Rajghat is a small village in the Urlabari Municipality, comprising two wards; 8 and 9 in the Morang District in the Koshi Zone of south-eastern Nepal. It is located in North-East part of Morang and 1.5 kilometers south of the East West national highway of Nepal (Mahendra Highway, Urlabari). Durgapuri Bazar is the local town of Rajghat. It is one of the major habitats of indigenous Dhimal, Santhal, and Mushahar communities.

== Demography ==
Rajghat has a growing population, and the major ethnicities living there are Brahmins, Chhettri, Limbu, Rai, Tamang, Tharu, Newar, Dhimal, Santhal, Musahar and various others. Religions in Rajghat are Hindus, Kirants, Muslims, Buddhists, and Christians. As of 2011, National Population Census, the official total population of Rajghat stood at 12,535 and 2,803 households.

== Climate ==
The climate of Rajghat is hot and humid during summer, and mild and dry during winter. During the summer, temperatures can reach 35–36 °C (95 °F), and in winters it can go as low as 2 °C (35 °F). Rainfall is abundant during the monsoon season (June–September). There is little or no rainfall during winter, which makes it ideal for harvesting crops such as rice, wheat and mustard.

== Agriculture ==
Rajghat is one of the potential pocket areas of the Morang district in the context of agriculture productions. Maximum people of Rajghat are involved in the agricultural production; enhancing towards mechanization. Rice, maize, vegetables crop, tropical fruit crops, sugarcane, jute, etc. are the cultivated crops in Rajghat. Even though some farmers are adopting the new technologies for the improved cultivation techniques, the trend of switching occupations from farming to other has increased since a few decades ago.

== Politics ==
The political organizations in this VDC are Nepali Congress, CPN UML, UCPN Maoist, CPN (Unified Socialist, RPP, Sanghiya Limbuwan, etc. Both of the wards (Urlabari 8 & 9) have the newly elected local bodies from the Local Election 2079 (2022).

== Education ==
Araniko Higher Secondary School, Laxmi High School, Shishu Shiksha Sadan E. School, Pratibha Secondary School, Nebula Secondary School are the major educational institutions in Rajghat. As of now, there are no university level institutions and affiliated programs in Rajghat. Therefore, students from here prefers Urlabari, Damak, Biratnagar, Dharan and Kathmandu as their educational destinations.

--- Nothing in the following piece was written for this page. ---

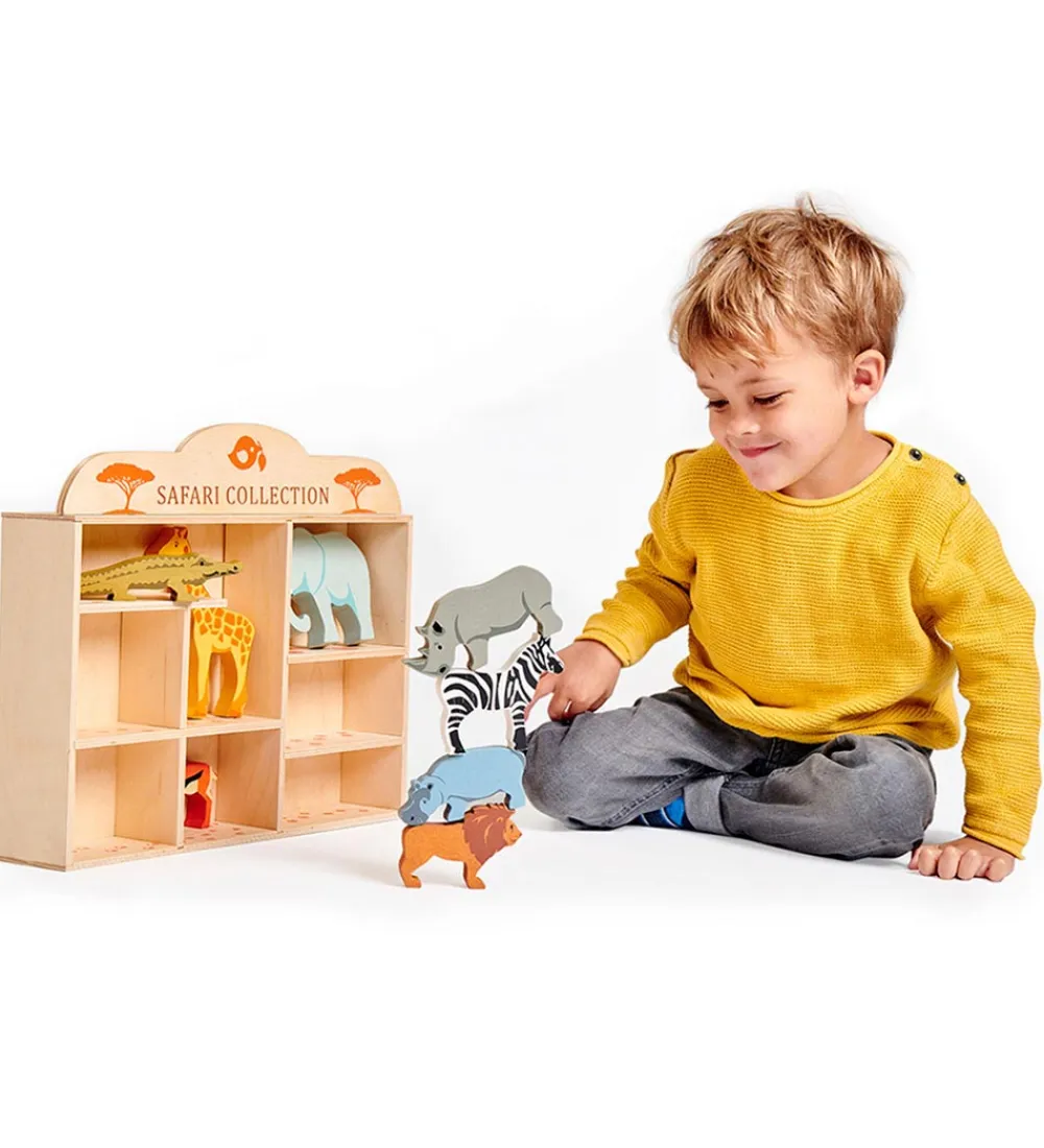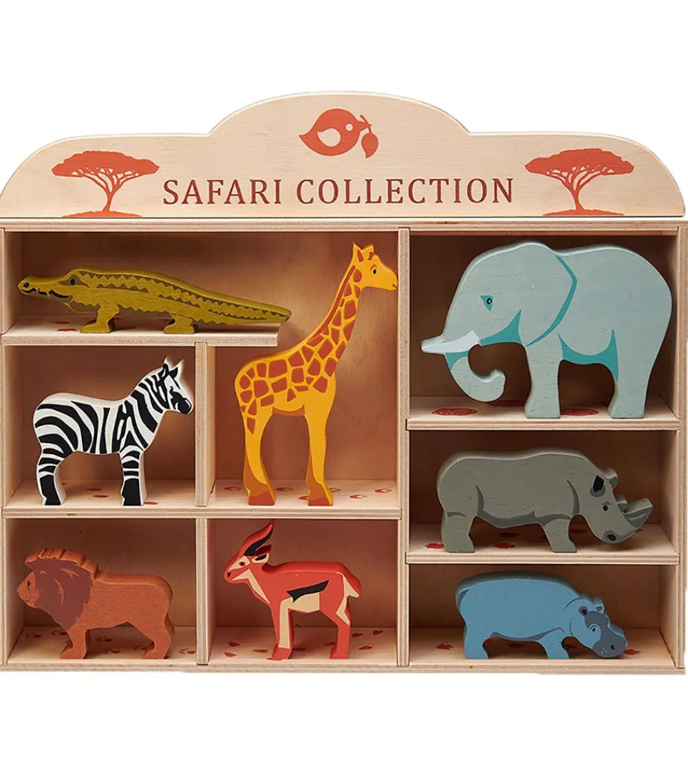 Fint Tender Leaf trælegetøj i naturlig træ og fine farver, som er formet som følgende savannedyr:

== Road Networks and Transport ==
There is access of road network (at least mud road) in all area of Rajghat, majority of them are promoting to the metallic top or gravel. Buses, small jeep, electric and fuel based autos, rickshaws and motorbikes are the main sources of transportation. Besides, the bus leaves from Rajghat to Urlabari, Itahara, Sijuwa, Rangeli, Ithari, Damak, Birtamode, Kakarvitta, Biratnagar, Dharan, Itahari, Dhankuta and to Kathmandu as well. The nearest airport from Rajghat is Biratnagar Airport , which is about 55 kilometers away.